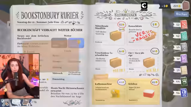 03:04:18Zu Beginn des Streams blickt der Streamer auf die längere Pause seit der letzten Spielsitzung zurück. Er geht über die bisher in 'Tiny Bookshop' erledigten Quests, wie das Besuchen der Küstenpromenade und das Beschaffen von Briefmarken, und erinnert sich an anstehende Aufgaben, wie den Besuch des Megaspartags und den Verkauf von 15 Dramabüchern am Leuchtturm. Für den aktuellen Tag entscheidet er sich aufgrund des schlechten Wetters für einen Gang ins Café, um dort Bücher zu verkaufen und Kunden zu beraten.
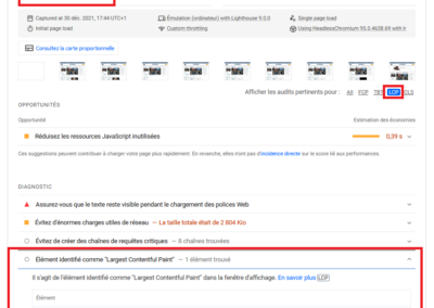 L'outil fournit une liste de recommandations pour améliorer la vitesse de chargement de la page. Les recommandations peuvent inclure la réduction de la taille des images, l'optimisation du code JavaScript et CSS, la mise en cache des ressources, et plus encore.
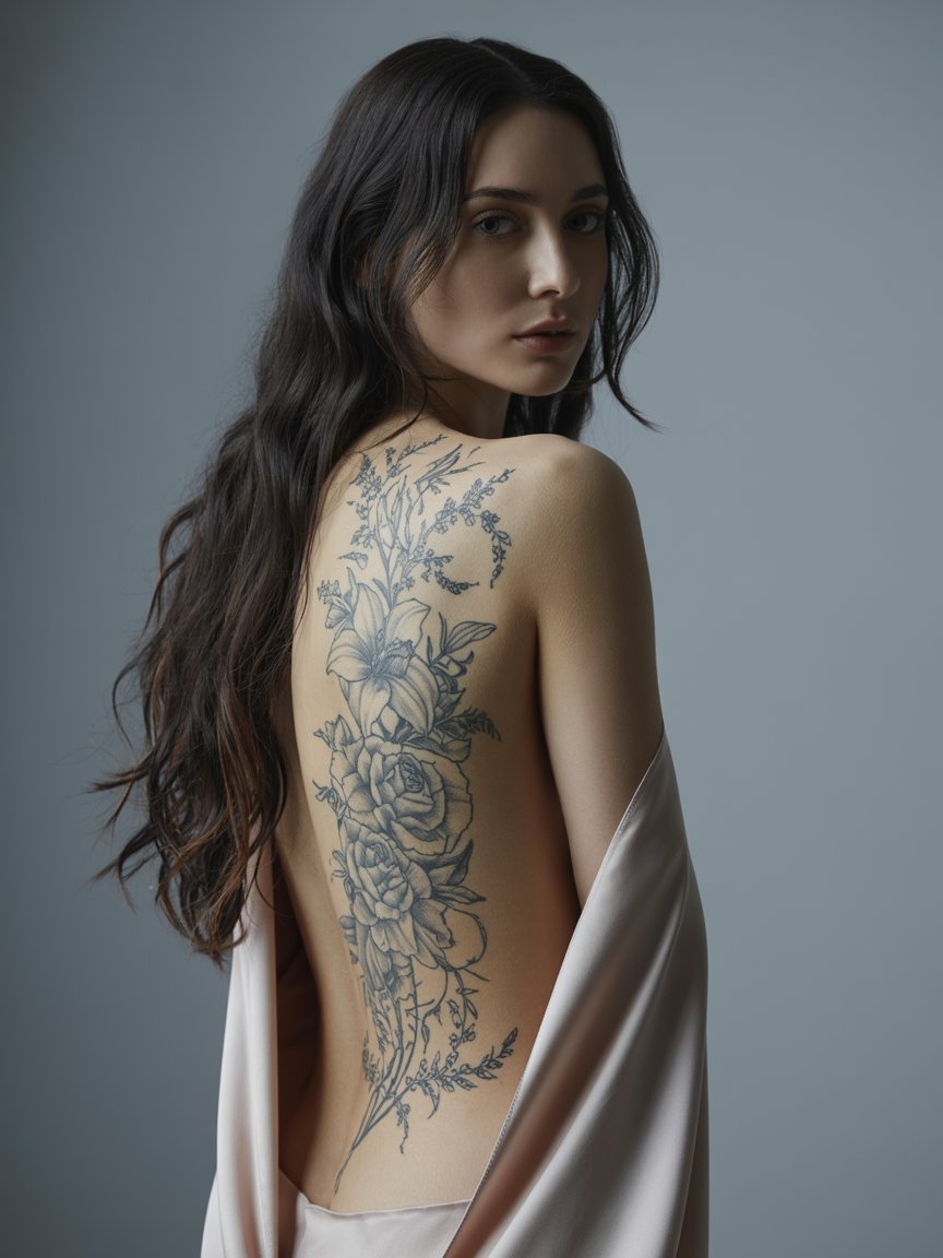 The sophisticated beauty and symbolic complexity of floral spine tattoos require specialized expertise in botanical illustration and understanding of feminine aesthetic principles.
* * * *
Exercise objective:
Please set down every line of the data above precisely, dropping the images.

Output:
 03:04:18Zu Beginn des Streams blickt der Streamer auf die längere Pause seit der letzten Spielsitzung zurück. Er geht über die bisher in 'Tiny Bookshop' erledigten Quests, wie das Besuchen der Küstenpromenade und das Beschaffen von Briefmarken, und erinnert sich an anstehende Aufgaben, wie den Besuch des Megaspartags und den Verkauf von 15 Dramabüchern am Leuchtturm. Für den aktuellen Tag entscheidet er sich aufgrund des schlechten Wetters für einen Gang ins Café, um dort Bücher zu verkaufen und Kunden zu beraten.
 L'outil fournit une liste de recommandations pour améliorer la vitesse de chargement de la page. Les recommandations peuvent inclure la réduction de la taille des images, l'optimisation du code JavaScript et CSS, la mise en cache des ressources, et plus encore.
 The sophisticated beauty and symbolic complexity of floral spine tattoos require specialized expertise in botanical illustration and understanding of feminine aesthetic principles.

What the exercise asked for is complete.